▶ INPUT DATA:
+++++

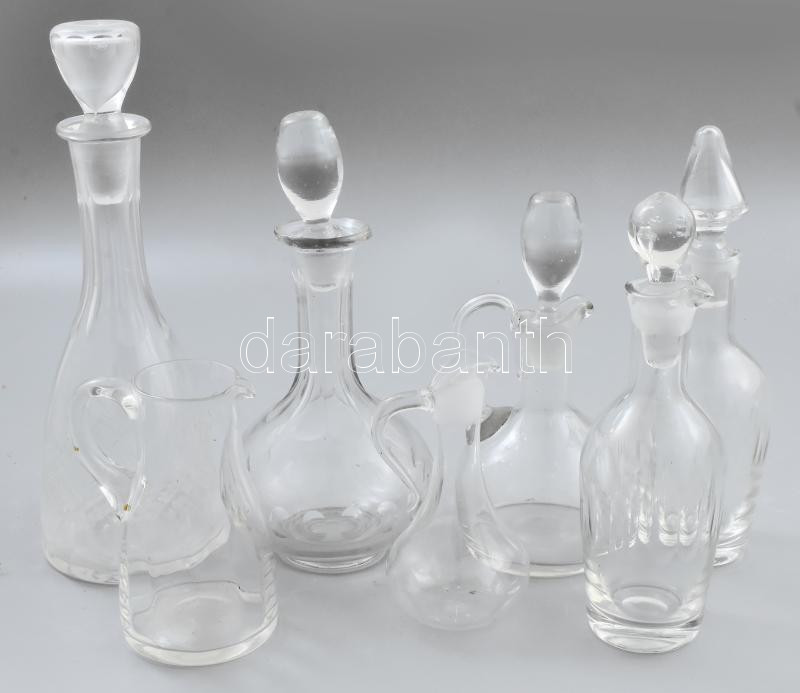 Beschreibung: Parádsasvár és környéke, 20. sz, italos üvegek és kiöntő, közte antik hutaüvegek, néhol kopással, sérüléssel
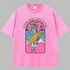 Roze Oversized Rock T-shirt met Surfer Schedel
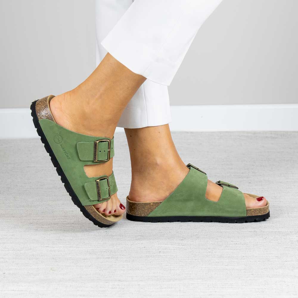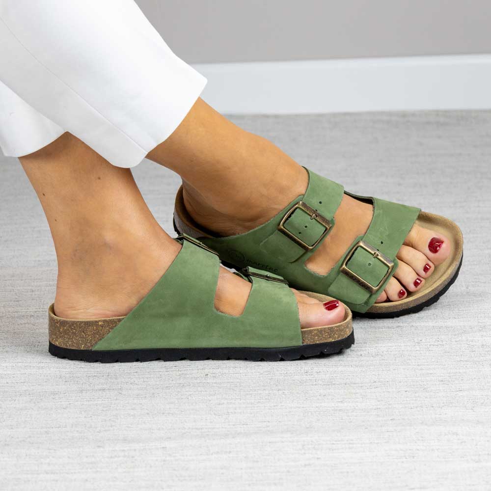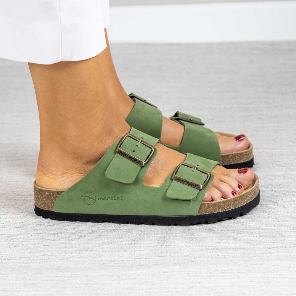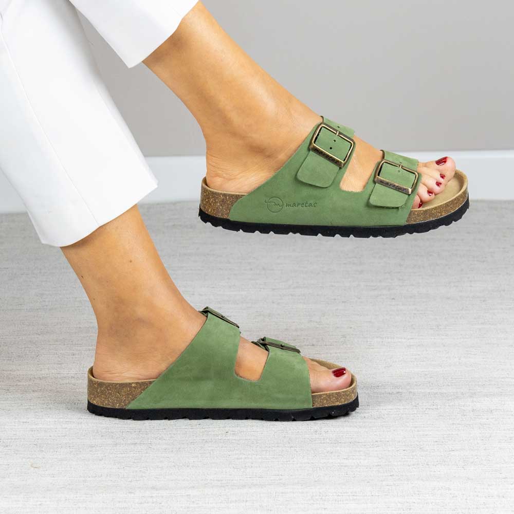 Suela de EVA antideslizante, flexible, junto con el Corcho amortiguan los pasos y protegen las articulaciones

+++++

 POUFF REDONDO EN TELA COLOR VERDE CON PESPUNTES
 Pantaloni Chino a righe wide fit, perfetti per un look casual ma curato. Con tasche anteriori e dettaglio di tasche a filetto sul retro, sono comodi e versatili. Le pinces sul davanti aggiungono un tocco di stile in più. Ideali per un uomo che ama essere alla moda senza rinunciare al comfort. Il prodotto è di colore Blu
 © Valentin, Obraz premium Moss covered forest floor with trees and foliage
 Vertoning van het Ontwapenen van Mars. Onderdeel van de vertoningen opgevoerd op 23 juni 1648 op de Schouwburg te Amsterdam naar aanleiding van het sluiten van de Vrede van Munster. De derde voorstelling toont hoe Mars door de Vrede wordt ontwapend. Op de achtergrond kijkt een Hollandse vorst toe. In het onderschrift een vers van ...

+++++

▶ TASK: In the entries above, find the line containing "Beschreibung: Parádsasvár és" and the line containing "Suela de EVA", then copy both and every line between them exactly, without any picture.

▶ SOLUTION:
 Beschreibung: Parádsasvár és környéke, 20. sz, italos üvegek és kiöntő, közte antik hutaüvegek, néhol kopással, sérüléssel
 Roze Oversized Rock T-shirt met Surfer Schedel
 Suela de EVA antideslizante, flexible, junto con el Corcho amortiguan los pasos y protegen las articulaciones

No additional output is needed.